ENNA. La Procura di Enna ha stralciato la posizione di due indagati, per cui si andrebbe verso la richiesta di archiviazione. Ma allo stesso tempo altri due ennesi, di cui ancora non si conosce il nome, vengono iscritti sul registro degli indagati. Sono queste le novità per cui è stata chiusa per la seconda volta l'inchiesta della magistratura sui presunti abusi d'ufficio al Comune, che vede iscritti sul registro degli indagati ben due sindaci, l'attuale, Paolo Garofalo, e il suo predecessore Rino Agnello. Un avviso che "sostituisce", si leggerebbe nello stesso atto, "il precedente", risalente a marzo 2014, alla luce degli interrogatori e degli atti consegnati alla magistratura dagli indagati, che hanno chiesto di essere sentiti o di depositare memorie.

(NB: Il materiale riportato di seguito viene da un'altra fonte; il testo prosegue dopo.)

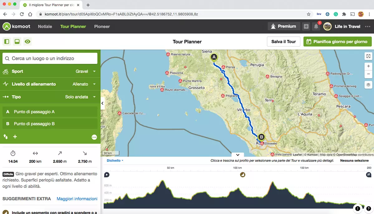 Ancora più sotto nella schermata si potranno selezionare il punto di partenza e il punto di arrivo. Una volta identificati una partenza e un arrivo, sulla mappa a destra dello schermo apparirà la traccia suggerita. Ad esempio, se scegliessi un itinerario di viaggio (gravel) da Buonconvento a Roma, komoot mi indicherà come punto A la città di Buonconvento e come punto B la città di Roma.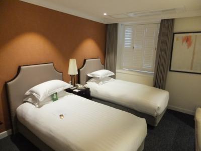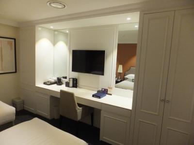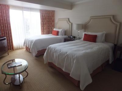 老舗のホテルらしくエントランスとロビーが優雅ですが、お部屋は可もなく不可もなくといった、シンプルなインテリアです。

Contattato telefonicamente, il sindaco Garofalo conferma la notifica dell'avviso di conclusione delle indagini, ma precisa: "Per quanto mi riguarda non c'è niente di nuovo". Fonti vicine al primo cittadino puntualizzano inoltre che le due ipotesi di reato contestategli - un presunto abuso legato alla nomina del comitato di valutazione, perché alcuni componenti sarebbero stati, secondo la Procura, privi della necessaria indipendenza, e una tentata concussione - sono rimaste invariate. Ma i due "stralciati" erano entrambi co-indagati del sindaco, dunque la sua posizione viene ritenuta dalle stesse fonti, in un certo senso, alleggerita. Ad ogni modo permane l'ipotesi di tentata concussione, contestata solo a Garofalo. L'ipotesi è di aver tentato di "costringere" il dirigente dell'Ufficio legale ad accettare, nell'ambito della riorganizzazione della struttura organizzativa, l'incarico ad interim della dirigenza dello staff 1 Polizia locale, oltre al suo incarico di dirigente dello staff 2 Affari legali, nonostante il dirigente avesse fatto presente di non poter accettare, allegando un parere del presidente del Consiglio dell'Ordine degli avvocati.